A good rule of thumb when considering automation is ensure you have a reliable process first and then automate redundant tasks. Don’t automate an unreliable process. A poorly understood process and high defect rate passed on to an automation supplier will result in a poor return on investment more often than not.

Do ensure that your URS includes your quality requirements in addition to any functional and process requirements. Neglecting to define what quality is and what the desired level of quality is leaves the definition in the hands of your supplier and this may not be satisfactory to your organization. Specifying OEE alone will not suffice as OEE is a combination of performance, availability, and quality. At a minimum, DO call out your desired yield target.

Don’t ignore red flags when considering which supplier and proposal to select. The inability of a supplier to provide a compliance matrix in response to the issued URS, or to demonstrate a sustainable OEE should be probed, and if the decision is to proceed regardless then DO make sure to identify and implement mitigations. You need to move beyond selection based on the proposal scope, price, and schedule. You need to request evidence that can quantifiably demonstrate a supplier’s performance.

Do be receptive and responsive to questions from your potential suppliers regarding your URS. Strong automation suppliers should be comfortable challenging a customer’s URS based on their lessons learned in terms of what has worked and not worked when automating a process. To simply just comply to the URS is not always in the best interest of the supplier or the customer. 

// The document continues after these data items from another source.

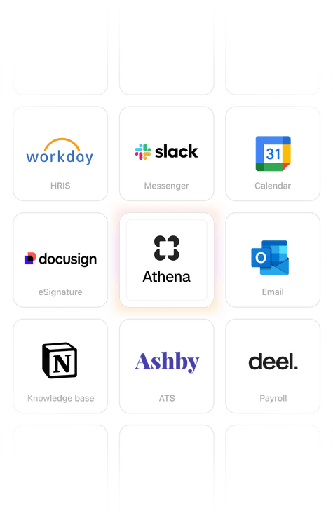 Plug Athena into Humaans, Workday, SAP, HiBob, Personio, BambooHR, or any other system in your stack. No switching required, just faster processes, fewer handoffs, and work that finishes itself.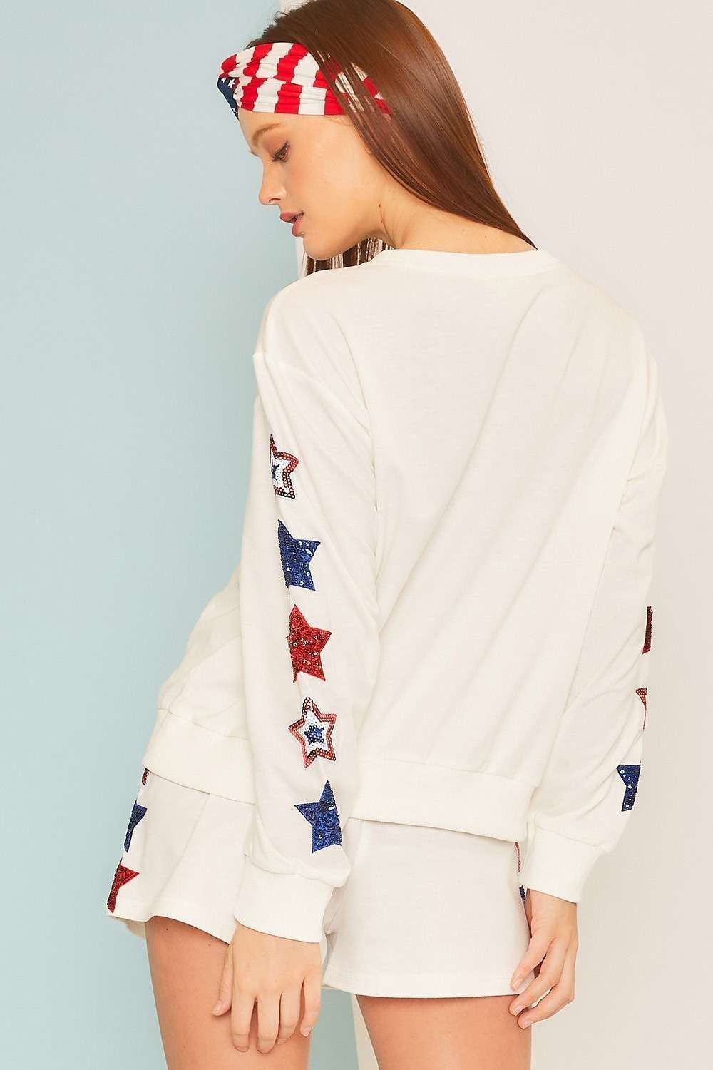 Stay stylish and patriotic with our Round Neck Long Sleeve Star Patch French Terry Sweater. Perfect for celebrating the 4th of July, this sweater features a classic round neck design, long sleeves, and stars embroidered on the sleeves. Keep cozy and fashionable while showing off your American pride.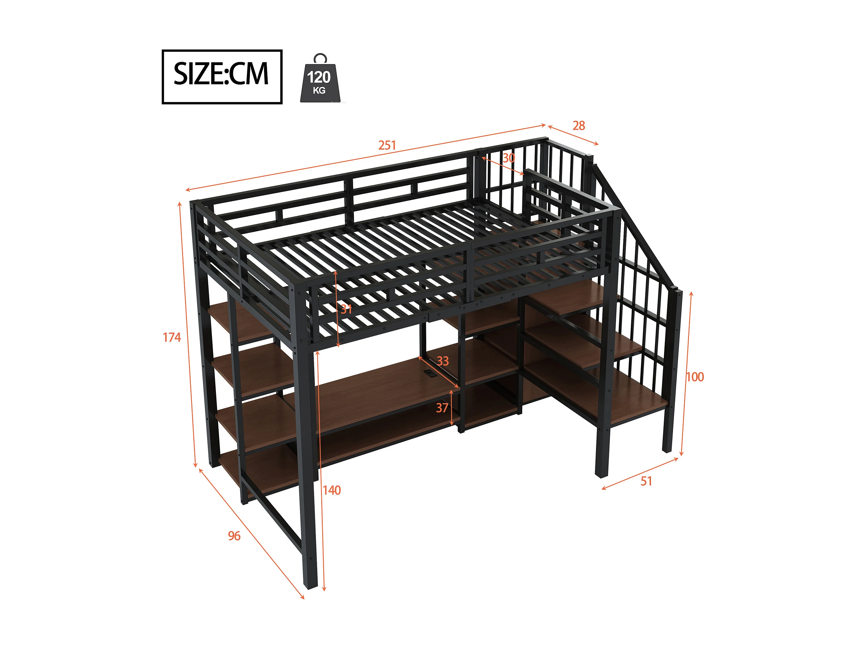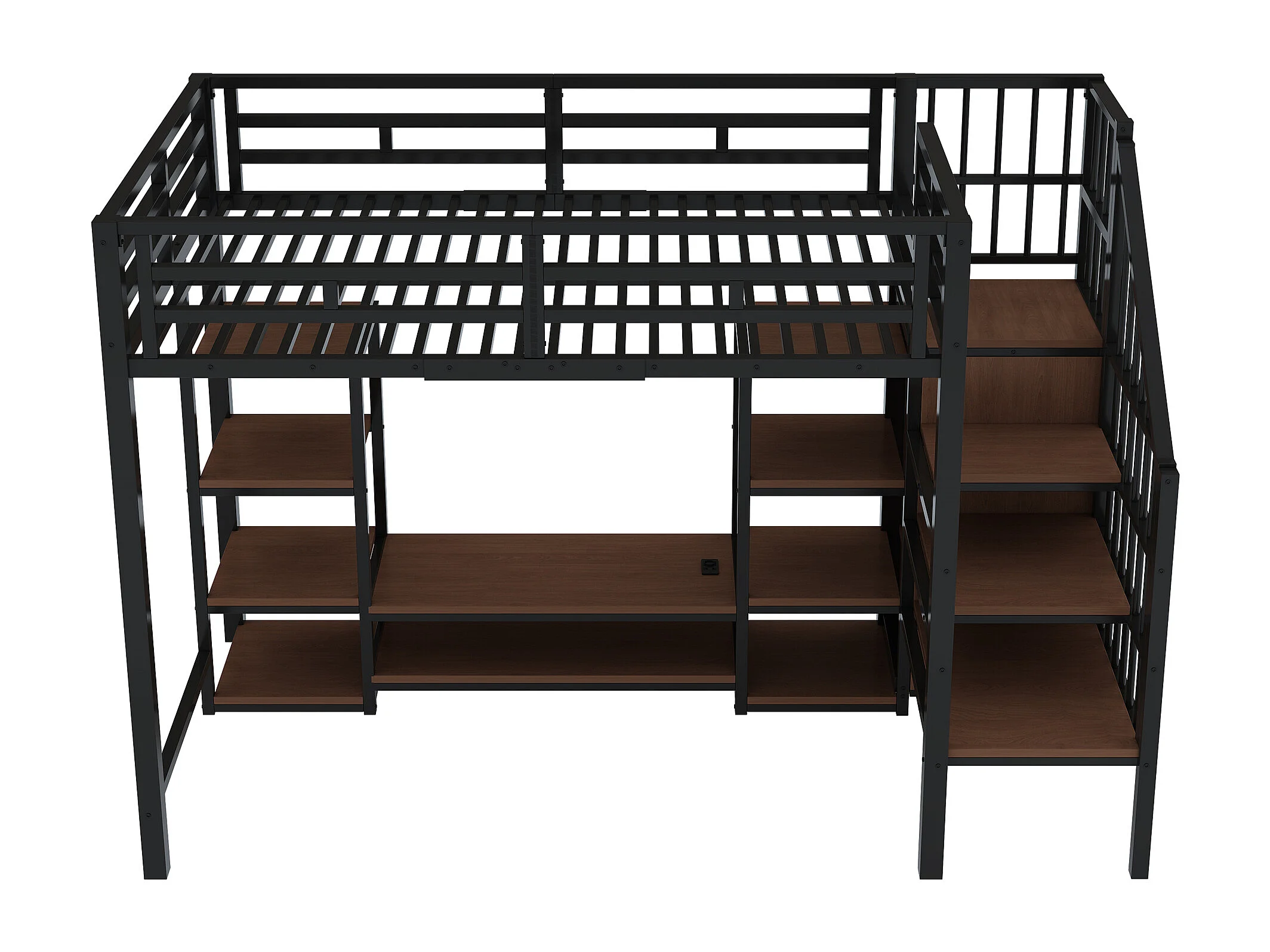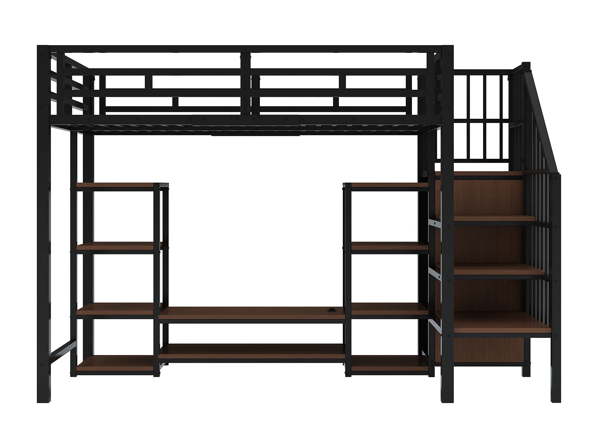 Lit mezzanine 90x200 cm avec support TV, prise et échelle de rangement en métal noir (Sans matelas)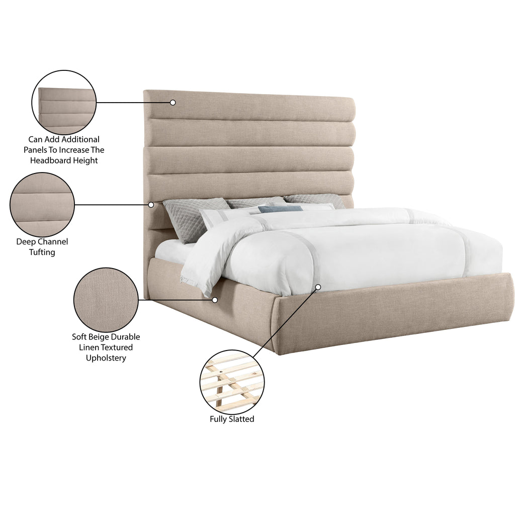 Meridian Adam Beige Linen Textured Fabric King Bed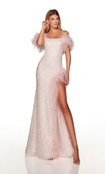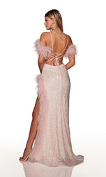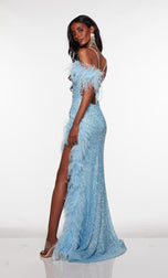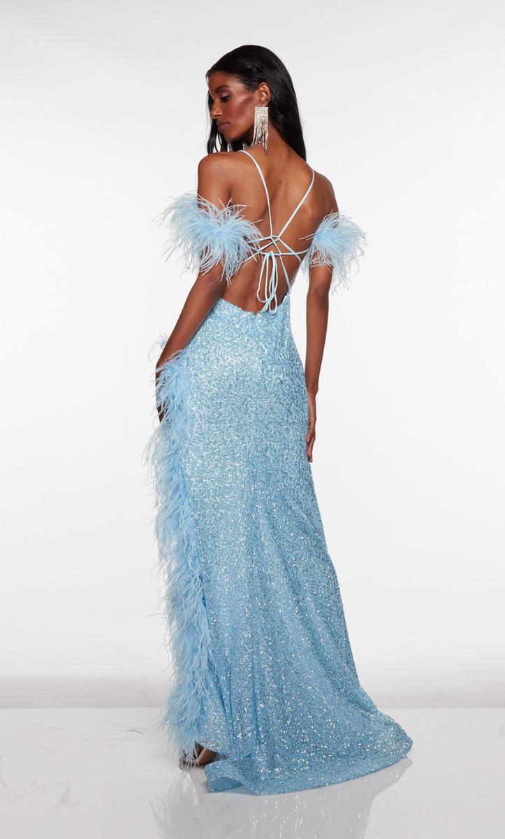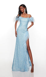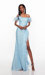 Slay the night at any party with this stunning Alyce Paris Prom evening gown from Spring 2023 Collection. 61371, is created with sparkling sequins that will shine from all angles! The straight across neckline for modesty, thin straps that form into an open strappy back and cold shoulder straps adorned with fun feather detail! The fitted silhouette will give you the hourglass shape and is completed with a sexy leg sit with feather trim. Dont miss out on this gem for any special event.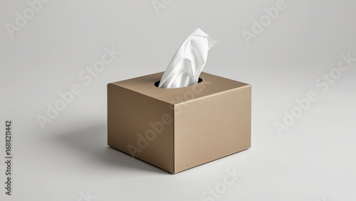 A taupe-colored tissue box sits on a neutral background, showcasing a single tissue protruding from its opening.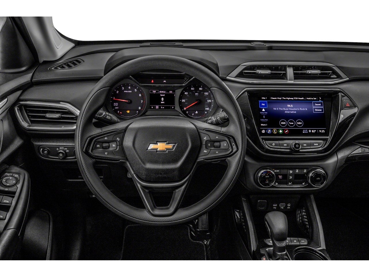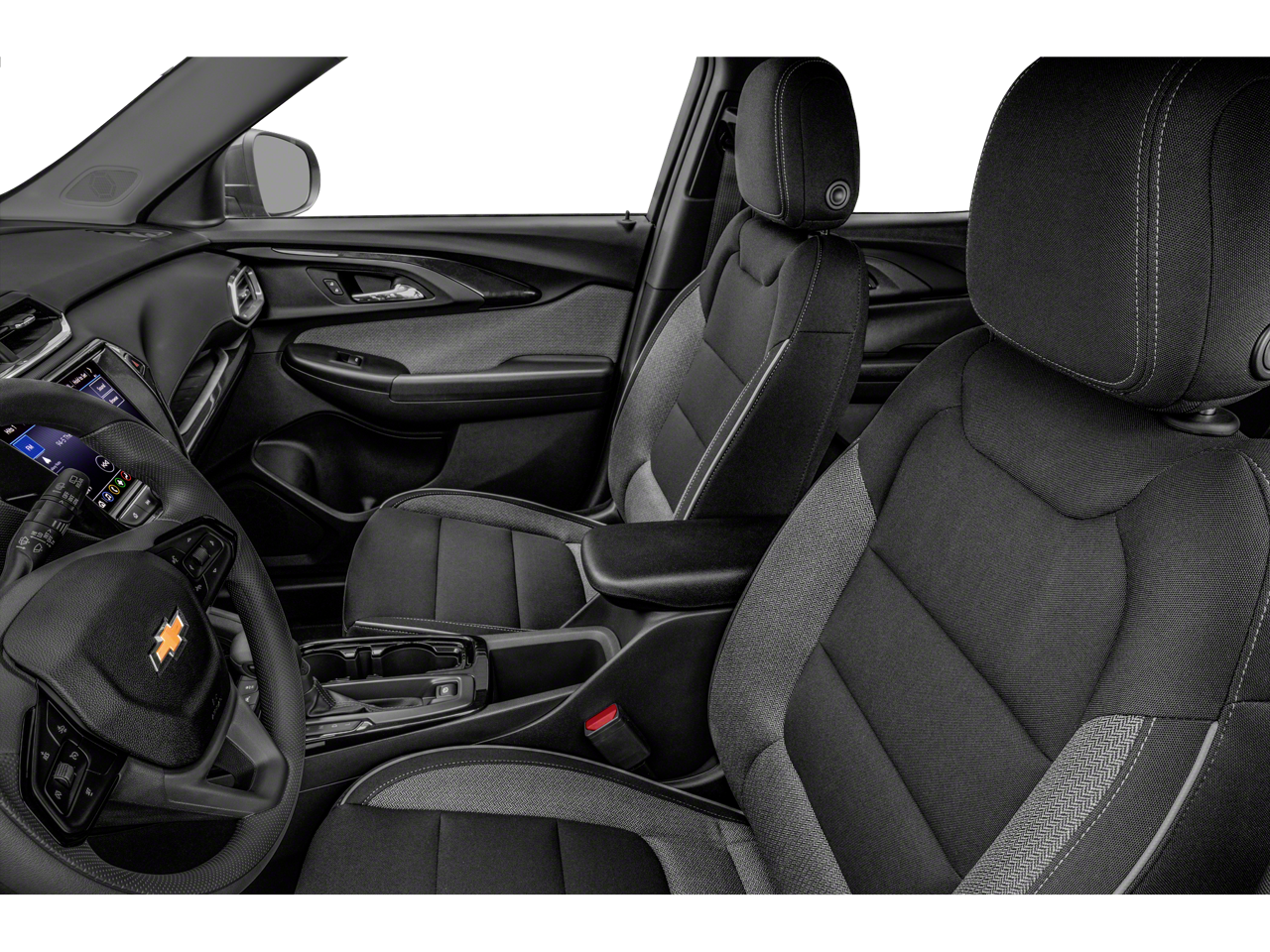 The TrailBlazer's sleek, modern design turns heads wherever you go. Its bold grille, sculpted body lines, and 17 high-gloss black machined aluminum wheels give it a commanding presence on the road. Inside, the spacious cabin is filled with thoughtful amenities, including heated front seats, an auto-dimming rearview mirror, and wireless Apple CarPlay and Android Auto integration.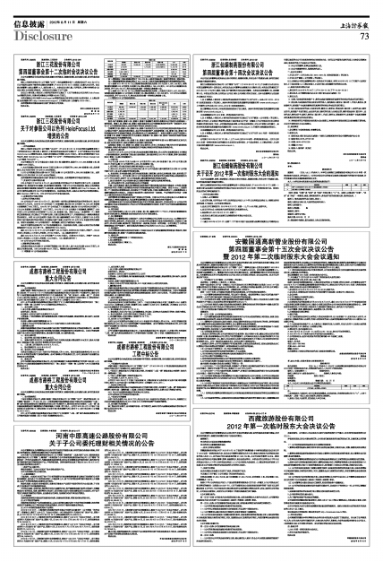 浙江三花股份有限公司(以下简称“公司”)第四届董事会第十二次临时会议于2012年8月5日以书面形式或电子邮件形式通知全体董事,于2012年8月10日(星期五)以通讯方式召开。会议应出席董事(含独立董事)9人,实际出席9人。本次会议出席人数、召开程序、议事内容均符合《公司法》和《公司章程》的规定。本次会议审议通过了以下议案:

At the end of the day, no one enjoys surprises. The philosophies, approaches, and tools described within this article are to help mitigate those unwelcome surprises. Project risk is real and failure to achieve the long-term objectives of your automation’s performance can’t be ignored. When the automation supplier can achieve the customer’s expected performance, it’s a beautiful thing.

What comes easy, won’t last. What lasts, won’t come easy.